Here comes a small comparation of the performance of Perl, Awk and Python while parsing and splitting lines in a BIG ldif file with thousands or millions of subscriber profiles like this one (I created this ldif file as an example, just for the sake of clarity)

As in the example, one of the attributes in my ldif files was a huge base64 string (more than 10k bytes long) in a single line, which is not supported by slapadd/slapd (I have checked LDIF rfc and I don't see any mention to the 4096 bytes limitation, so it could be our own implementation, not sure about this), so the idea was to spit this line into 76 characters lines (as per recommendation)... Something like this:

Original line (short version):

...
Service: SSBhbSBoYXBweSB0byBqb2luIHdpdGggeW91IHRvZGF5IGluIHdoYXQgd2lsbCBnbyBkb3duIGluIGhpc3RvcnkgYXMgdGhlIGdyZWF0ZXN0IGRlbW9uc3RyYXRpIGV2ZXJ5IHN0YXRlIGZa
...

Replaced by:

...
Service: SSBhbSBoYXBweSB0byBqb2luIHdpdGggeW91IHRvZGF5IGluIHdoYXQgd2lsbCBnbyBkb3
 duIGluIGhpc3RvcnkgYXMgdGhlIGdyZWF0ZXN0IGRlbW9uc3RyYXRpIGV2ZXJ5IHN0YXRlIGZa
...

(Notice the blank at the beginning of the second line)

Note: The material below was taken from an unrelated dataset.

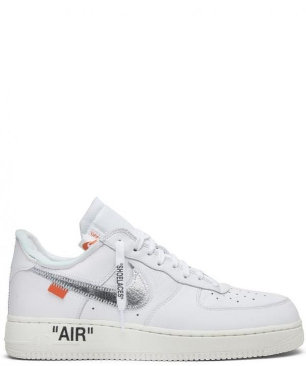 This Air Force 1 designed by Virgil Abloh dropped at ComplexCon 2017 in celebration of the silhouette's 35th anniversary. It features a white leather upper with a metallic silver Swoosh and an orange tag. It also comes with a chunky foam tongue and signature "AIR" branding on the midsole. The Nike Air Force 1 AF100 pack also included an Air Force 1 Low by Travis Scott, a Lunar Force 1 by Acronym, an Air Force 1 High by Don C, and an Air Force 1 Low by Roc-A-Fella. The pack received a wider release in December 2017.

My first approach was to use Python standard module textwrap:

import sys
import textwrap

try:
    ldiffile = sys.argv[1]
except:
    print("Input file missing... Exit")
    sys.exit(0)


with open(ldiffile, "rU") as f:
    for line in f:
        if line.startswith("Service:"):
            print(textwrap.fill(line, width=76,subsequent_indent=' '))
        else:
            print(line.strip())

It was really simple and produced the expected result, but it was ridiculously slow. RIDICULOUSLY. Really, difficult to believe...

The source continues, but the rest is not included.